I would strongly suggest switching between those modes. It's something my projects do:

Briefly looking at how we find matching interactions I think the only real special-casing we have is here. Finally, our Adapter contains the logic as to whether or not to attempt to retrieve a new request here. If none works, but new_episodes doesn't, I wonder what other pytest settings you might be using that might be affecting this. I've never seen it otherwise.
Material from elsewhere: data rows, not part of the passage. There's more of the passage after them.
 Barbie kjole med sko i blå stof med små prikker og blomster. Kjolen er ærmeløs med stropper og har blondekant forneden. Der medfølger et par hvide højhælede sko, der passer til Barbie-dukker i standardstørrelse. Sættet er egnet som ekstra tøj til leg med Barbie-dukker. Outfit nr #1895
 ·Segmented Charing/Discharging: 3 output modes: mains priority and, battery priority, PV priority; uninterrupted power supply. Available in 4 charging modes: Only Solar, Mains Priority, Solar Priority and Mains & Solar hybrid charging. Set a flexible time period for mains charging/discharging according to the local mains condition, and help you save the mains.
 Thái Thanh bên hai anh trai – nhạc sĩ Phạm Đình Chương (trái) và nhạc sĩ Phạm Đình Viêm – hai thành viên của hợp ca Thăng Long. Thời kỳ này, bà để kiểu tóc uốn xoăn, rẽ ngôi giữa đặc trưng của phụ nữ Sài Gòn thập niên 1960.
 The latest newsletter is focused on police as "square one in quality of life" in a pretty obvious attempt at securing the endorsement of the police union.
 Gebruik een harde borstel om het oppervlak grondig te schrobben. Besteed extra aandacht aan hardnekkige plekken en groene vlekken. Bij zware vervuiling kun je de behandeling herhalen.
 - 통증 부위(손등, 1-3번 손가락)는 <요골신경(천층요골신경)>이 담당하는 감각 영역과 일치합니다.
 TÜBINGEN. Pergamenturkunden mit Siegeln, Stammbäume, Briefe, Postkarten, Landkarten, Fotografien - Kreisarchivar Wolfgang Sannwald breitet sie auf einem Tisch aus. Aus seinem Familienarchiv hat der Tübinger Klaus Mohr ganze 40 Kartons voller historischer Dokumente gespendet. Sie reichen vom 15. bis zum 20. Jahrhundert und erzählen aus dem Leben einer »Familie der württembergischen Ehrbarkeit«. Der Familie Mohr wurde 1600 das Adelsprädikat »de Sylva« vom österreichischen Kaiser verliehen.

havok2063 commented 6 years ago

Yeah, that seems like what I'll have to do then. It's an easy enough solution for now. Looking through your links I don't find anything odd about the matching. I did some more tests and the bug might be an issue with recording tests from a localhost server. Here is a vanilla test setup that doesn't use any of our convoluted setup in our main software.

import pytest
import betamax
from betamax_serializers import pretty_json
from marvin import config
import os

# Configure Betamax
# -------------------
betamax.Betamax.register_serializer(pretty_json.PrettyJSONSerializer)
with betamax.Betamax.configure() as beta_config:
    beta_config.cassette_library_dir = os.path.realpath(os.path.join(os.path.dirname(__file__), '../tests/cassettes/'))
    beta_config.default_cassette_options['match_requests_on'] = ['method', 'uri', 'body']
    beta_config.default_cassette_options['record_mode'] = 'new_episodes'
    beta_config.default_cassette_options['serialize_with'] = 'prettyjson'
pytest.mark.usefixtures('betamax_session')
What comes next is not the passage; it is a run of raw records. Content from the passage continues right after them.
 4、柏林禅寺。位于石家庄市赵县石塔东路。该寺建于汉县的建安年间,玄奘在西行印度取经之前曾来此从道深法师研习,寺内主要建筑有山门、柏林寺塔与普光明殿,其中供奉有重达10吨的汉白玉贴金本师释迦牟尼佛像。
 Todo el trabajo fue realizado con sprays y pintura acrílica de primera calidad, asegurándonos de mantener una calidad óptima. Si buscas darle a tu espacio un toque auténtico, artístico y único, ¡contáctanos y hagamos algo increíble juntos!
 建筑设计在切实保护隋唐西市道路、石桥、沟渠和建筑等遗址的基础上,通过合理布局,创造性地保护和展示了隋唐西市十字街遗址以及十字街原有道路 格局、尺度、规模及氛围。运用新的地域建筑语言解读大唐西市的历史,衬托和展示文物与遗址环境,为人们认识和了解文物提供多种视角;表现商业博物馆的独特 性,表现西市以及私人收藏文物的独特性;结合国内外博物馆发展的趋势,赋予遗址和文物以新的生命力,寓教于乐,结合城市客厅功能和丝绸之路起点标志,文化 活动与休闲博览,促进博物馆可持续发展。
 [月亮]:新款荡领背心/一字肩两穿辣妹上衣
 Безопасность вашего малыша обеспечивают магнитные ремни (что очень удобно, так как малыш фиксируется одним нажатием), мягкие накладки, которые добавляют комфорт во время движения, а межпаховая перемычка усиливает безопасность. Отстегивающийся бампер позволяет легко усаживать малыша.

def test_beta(request, betamax_session):
    # test local server of main software
    #path = 'http://localhost:5000' + config.urlmap['api']['getroutemap']['url']

    # test http url
    #path = 'http://httpbin.org/ip'

    # test completely separate local webapp 
    path = 'http://localhost:5000/fully/'

    betamax_session.get(path)

I ran this test each with the different paths you see. I tested one path from the local server running our main code, one path from httpbin, an online test request server, and one path from a separate local basic webapp I have. For each test I deleted any cassette file, started the servers, ran the test, which passed and generated the cassette file. I then shut off the server and reran the test. The httpbin path passed, but the two localhost paths failed with an HTTPConnectionPoolError. So it seems there's something about localhost uris that break the intended actions.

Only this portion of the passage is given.